* Your task *
Repeat the span of the entries below that starts at the line with "2024년 6월 4일" and ends at the line with "-- ธนาคารโลกเผยการระบาดของโรคโควิด 19", nothing more. Skip the pictures.

[Items listed in a dataset]
++++++++++

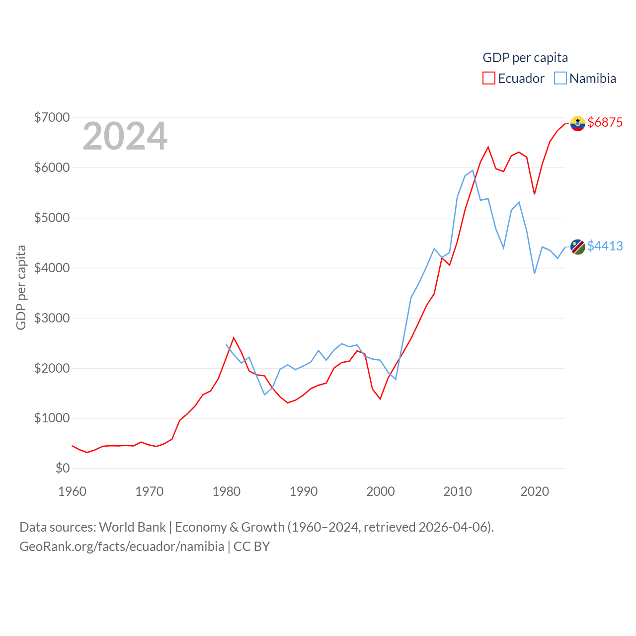 By GDP, Ecuador ranks 62/197 ($125B) and Namibia ranks 147/197 ($13.4B). By GDP per capita, Ecuador ranks 103/197 ($6,875), while Namibia ranks 126/197 ($4,413).
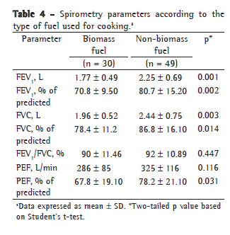 These toxic substances have been known to cause a decrease in mucociliary clearance and alveolar macrophage response, as well as suboptimal local immunity.(16) In addition, the acute inhalation of BMF smoke causes acute bronchial irritation, inflammation, and bronchial reactivity, whereas long-term exposure causes chronic airway inflammation, as well as increasing susceptibility to bacterial and viral lung infections.(16) The multivariate logistic regression analysis showed that women using BMFs were five times more likely to report cough and four times more likely to have chronic bronchitis, and these associations were statistically significant (p < 0.05). Our results support those of other studies.(9,10,18,20-22) Other respiratory symptoms have been associated with the use of BMF, although the risks were not significant. Among the 79 women who had reliable spirometry results, all of the measurements were lower in those using BMFs than in those using a non-BMF. These differences were significant for all of the spirometry parameters except the FEV1/FVC ratio and PEF. Our findings are similar to those of studies conducted in Ecuador and China, in which impaired pulmonary function in children was associated with exposure to indoor air pollution from BMF combustion.(23,24) The effects of BMF smoke on pulmonary function, as well as its association with obstructive and restrictive lung diseases, in adults have been well documented.(25-28) In animal models, exposure to toxic particulate matter has been associated with reduced lung compliance and decreased ventilatory response.(2,16) The use of BMFs for cooking has been described as a source of enjoyment for many women, and even a passion for some; unfortunately, it is a known health hazard.(29) We have attempted to determine whether the use of BMFs is associated with respiratory symptoms and chronic bronchitis. Our study was limited by our inability to measure indoor emissions, indoor concentrations, and personal exposure. Further studies should be carried out with more emphasis on those aspects, as well as on the levels of pollutants and the air exchange rate (ventilation).
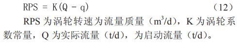 ①吸汽量。計算射孔層位吸汽量,可以通過六參數(shù)循環(huán)水液位計的渦輪流量計實(shí)現(xiàn)。忽略低流速時渦輪的非線性響應(yīng)及密度對渦輪轉(zhuǎn)速的影響,則渦輪轉(zhuǎn)速 RPS 與流速成正比 :
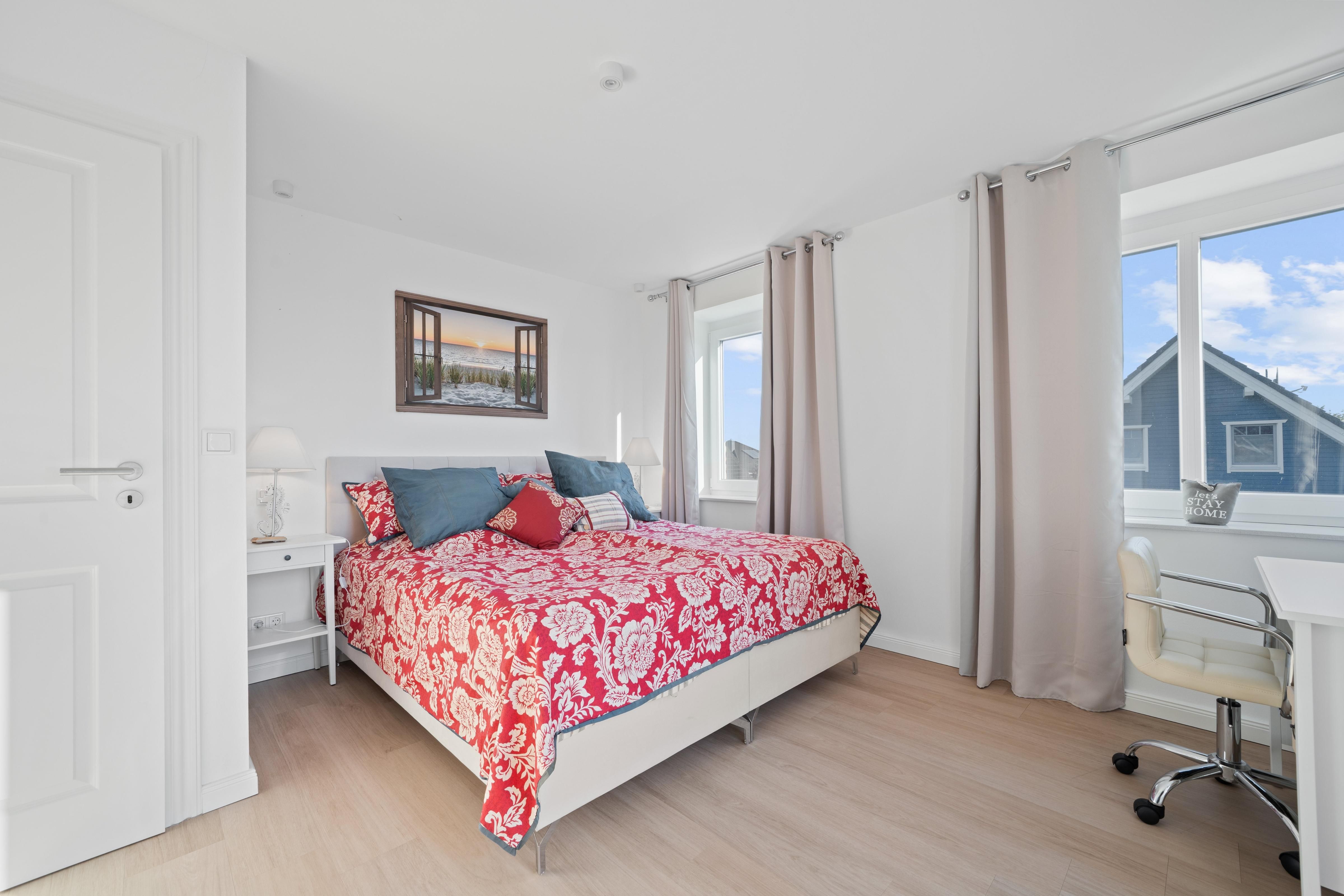 Auf großzügigen 100 m² Wohnfläche finden bis zu sechs Personen Platz, verteilt auf drei Schlafzimmer und vier moderne Bäder, davon drei en Suite direkt am Schlafzimmer angeschlossen. Das 2023 erbaute Haus erstreckt sich über drei Etagen und kombiniert stilvolles Design mit ländlicher Gemütlichkeit.
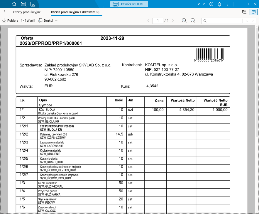 • Oferta produkcyjna z drzewem specyfikacji – wydruk zawierający pełną specyfikację produkcji.
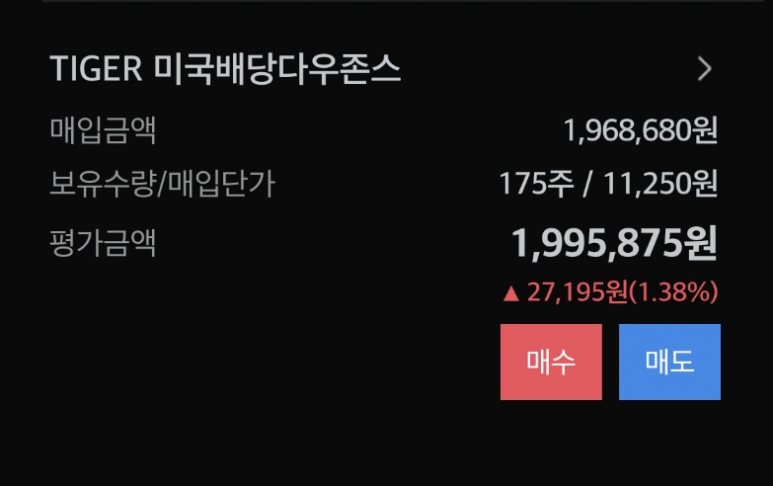 2024년 6월 4일 기준으로 저는 TIGER 미국배당다우존스를 175주를 보유중이며
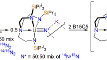 The few methods of preparing isolable uranium nitrides30,31,32,33,34,35,36,37,38,39,40,41 contrast to the plethora of methods in the transition metal series46,47, and for uranium most involve redox activity of azide. In this work, we have found new and reliable methods to a wide family of terminal uranium nitrides based on the U(TrenTIPS) framework (Supplementary Note 2), and it is our hope that this could be applicable to other ligand systems. We note that the reactivity described here is analogous to that reported recently for a titanium nitride59, since uranium is behaving like an early d-block ion in this context.
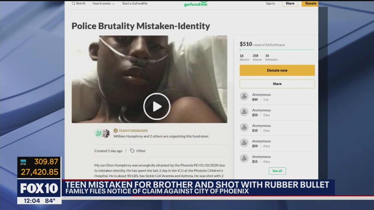 Family of teen mistaken for brother, shot with rubber bullet files notice of claim against City of Phoenix
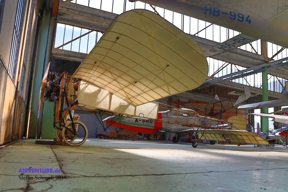 Hans Furrer baute in 15 Jahren diese Bleriot XI nach Plänen aus dem Jahr 1911 nach. Die HB-RCV besitzt einen originalen Anzani Motor und flog vor 20 Jahren erstmals. Seitdem ist ihr Besitzer mit der Maschine rund 60 mal in die Luft gegangen.
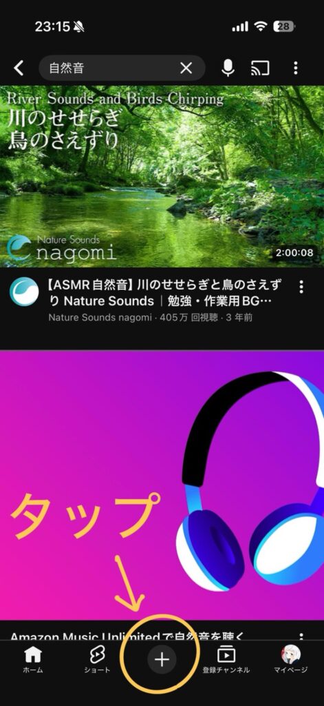 YouTubeを開き、下にある「+」をタップします。
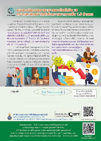 -- ธนาคารโลกเผยการระบาดของโรคโควิด 19 กระทบคนไทยเข้าใกล้เส้นความยากจนเพิ่ม 1.5 ล้านคน.
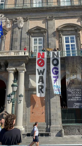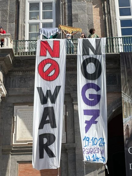 Hanno occupato simbolicamente il Palazzo Reale di Napoli, le attiviste e gli attivisti che protestano contro il summit dei ministri della Difesa in programma in città. Occupato Palazzo Reale, attiviste e attivisti hanno rilanciato la manifestazione che partirà il 19 ottobre alle 15.00 da piazza Garibaldi stendendo dai balconi del palazzo monumentale in piazza del Plebiscito alcuni striscioni e imbracciando delle kefiah, simbolo della resistenza palestinese.
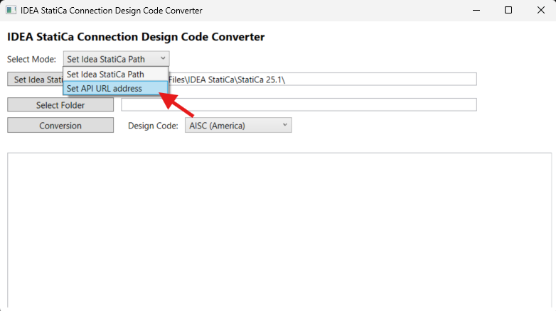 - Open the Connection Design Code Converter tool, select Set API URL address, and check/input the URL address from the previous step
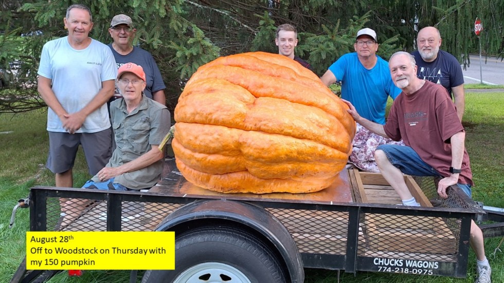 All loaded up for the Woodstock Fair Weigh-off on August 29th, with my 150 Challenge pumpkin.

++++++++++

* Task output *
 2024년 6월 4일 기준으로 저는 TIGER 미국배당다우존스를 175주를 보유중이며
 The few methods of preparing isolable uranium nitrides30,31,32,33,34,35,36,37,38,39,40,41 contrast to the plethora of methods in the transition metal series46,47, and for uranium most involve redox activity of azide. In this work, we have found new and reliable methods to a wide family of terminal uranium nitrides based on the U(TrenTIPS) framework (Supplementary Note 2), and it is our hope that this could be applicable to other ligand systems. We note that the reactivity described here is analogous to that reported recently for a titanium nitride59, since uranium is behaving like an early d-block ion in this context.
 Family of teen mistaken for brother, shot with rubber bullet files notice of claim against City of Phoenix
 Hans Furrer baute in 15 Jahren diese Bleriot XI nach Plänen aus dem Jahr 1911 nach. Die HB-RCV besitzt einen originalen Anzani Motor und flog vor 20 Jahren erstmals. Seitdem ist ihr Besitzer mit der Maschine rund 60 mal in die Luft gegangen.
 YouTubeを開き、下にある「+」をタップします。
 -- ธนาคารโลกเผยการระบาดของโรคโควิด 19 กระทบคนไทยเข้าใกล้เส้นความยากจนเพิ่ม 1.5 ล้านคน.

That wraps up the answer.